Pharmacotherapeutic review and update of idiopathic nephrotic syndrome in children
- PMID: 20229027
- DOI: 10.1007/s11096-010-9380-2
Pharmacotherapeutic review and update of idiopathic nephrotic syndrome in children
Abstract
Aim of the review: The therapeutic management of pediatric idiopathic nephrotic syndrome is still a challenge due to the large number of potentially effective pharmacological alternatives and the insufficient scientific evidence available. A bibliographic review was performed in order to identify the available pharmacological alternatives, as well as their place in therapy, and to analyze whether the treatment algorithm developed by the pediatric nephrology department of our hospital is consistent with the evidence published to date.
Method: A literature search was carried out on MEDLINE, through PubMed, using the medical subject heading (MeSH) nephrotic syndrome. The search was limited to review papers, meta-analyses, clinical practice guidelines, and randomized controlled trials performed on pediatric populations up to September 2009.
Results: The treatment algorithm established in our hospital is consistent with the evidence available. Prednisone constitutes the first line treatment with evidence level Ia.
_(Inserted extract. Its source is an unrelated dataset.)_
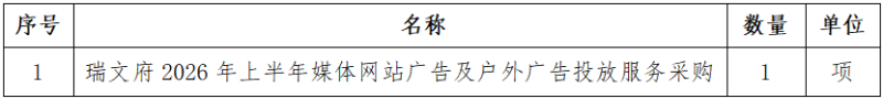 一、采購項目名稱:瑞文府2026年上半年媒體網(wǎng)站廣告及戶外廣告投放服務(wù)采購
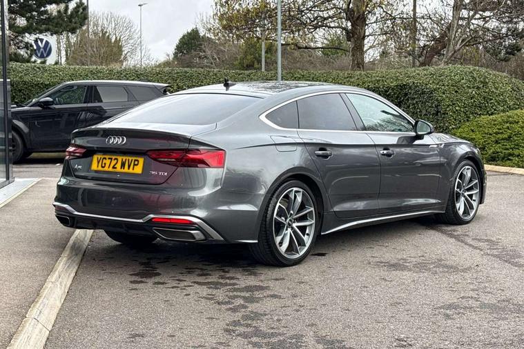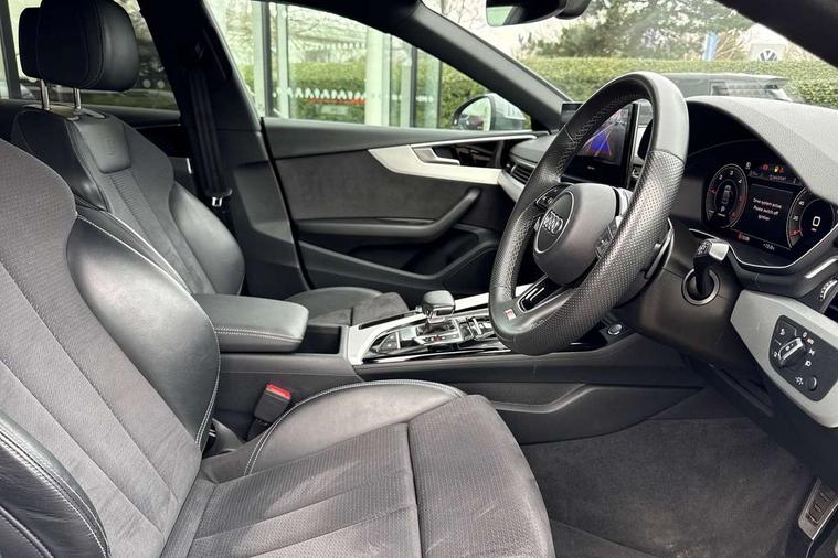 Audi connect safety and service (e-call), Audi connect with Amazon Alexa Integration, Audi drive select (Auto, Comfort, Dynamic, Efficiency and Individual), Audi parking system plus with front and rear sensors, Audi smartphone interface, Audi virtual cockpit - 12.3" full colour digital instrument cluster, vehicle/engine speed, Radio/media information+Driver assistance systems, Automatic start-stop system with coasting functionality and efficiency programme, Bluetooth interface, Electro-mechanical power steering, Email, calendar and text messages displayed via MMI, MMI nav+ with MMI touch - 10.1" high resolution MMI display, touch sensitive, 3D map, route/country info, dynamic route guide, personal route assist, Power operated tailgate, Rear view camera, Service interval indicator, Voice control system, Diesel particulate filter, Sports suspension lowered by 23mm, 8 passive loudspeakers, CD player, DAB digital radio reception, Two additional USB ports for rear passenger in rear centre console, Two SDXC card slots, Audi matrix LED headlights with LED rear lights + dynamic front and rear indicators, Auto dimming door mirrors, Auto dimming rear view mirror, Body colour bumpers, Body colour door handles, Body colour front spoiler lip, Body colour side sill trim, Body coloured door mirrors, Electric adjustable heated door mirrors, Electric folding door mirrors, Electric front windows, Front fog lights, Honeycomb structure radiator grille in grained matt black, Kerb-view function for passenger side, LED daytime running lights, LED side indicator lights integrated into door mirrors, LED third brake light, Matt aluminium silver tailpipe trim, Privacy glass, Rain and light sensors, Rear side wing doors, S line badges on front wings, S line front and rear bumpers with side skirts, S Line rear diffuser in matt titanium black with trim strip in matt aluminium silver, Side air inlets in grained matt black with matt aluminium silver inlay, Variable front intermittent wipers, Windscreen with acoustic glazing, 3 seat bench in 2nd row, 4 way electric lumbar support for driver and front passenger, 40/20/40 split folding 3 seater rear bench seat, Adjustable steering column, Black cloth headlining, Black perforated leather gearknob, Contrast stitching on seats, steering wheel and gear lever gaiter, Deluxe 3 zone electronic climate control, Front centre armrest, Front head restraints, Front/rear floor mats, Heated front seats, Illuminated door sill trim with S logo, ISOFIX child seat mounting and top tether, Luggage compartment mat, Manual seat adjustment, Rear centre armrest, Rear headrests, Single front passenger seat, Stainless steel pedals, Sunvisors with vanity mirrors, LED interior light pack - A5/RS5, 3x3 point rear seatbelts, 6 airbags - Driver, front passenger, curtain and side airbags, Electromechanical parking brake, Electronic Stabilisation Control (ESC) including ABS, ASR and EDL, Front passenger airbag deactivation, Height adjustable front seatbelts, Hill hold assist, Manual child lock in rear doors, Multi collision brake assist, Pop-up bonnet for pedestrian protection, Pre sense city, Seatbelt monitoring, Tyre pressure warning, Variable restraint system, Warning triangle and first aid kit, Anti theft alarm system, Anti theft wheel bolts, Immobiliser, Keyless Go, Remote central locking, Matt brushed aluminium inlays, Tool kit, Tyre repair kit,

When corticosteroids do not achieve remission, there are other therapeutic options that are not clearly positioned yet and further studies that provide more information on their comparative efficacy and safety are needed. These alternative therapeutic options are cyclosporine, mycophenolate mofetil, levamisol, cyclophosphamide and methylprednisolone, as independent strategies or as part of "Mendoza Protocol", tacrolimus and rituximab. Their sequence of introduction in the therapeutic scheme of NS is classified as evidence level IV and grade D recommendation.
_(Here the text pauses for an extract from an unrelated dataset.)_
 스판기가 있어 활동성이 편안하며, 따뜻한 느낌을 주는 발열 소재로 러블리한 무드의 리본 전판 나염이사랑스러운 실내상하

Conclusion: The wide range of options available for the pharmacotherapeutic management of NS and the lack of evidence about the comparative efficacy and safety of the different therapeutic strategies, make its positioning rather difficult. Therefore each hospital needs to draw up protocols based not only on the small amount of evidence available, but also on the authorized indications, availability of the drugs, clinical experience, associated costs, and patient preferences with regard to the duration of treatment, incidence and type of adverse effects. Development of new randomized controlled trials should be encouraged and setting up national plans for the treatment of this pathology might be a good approach for this problem.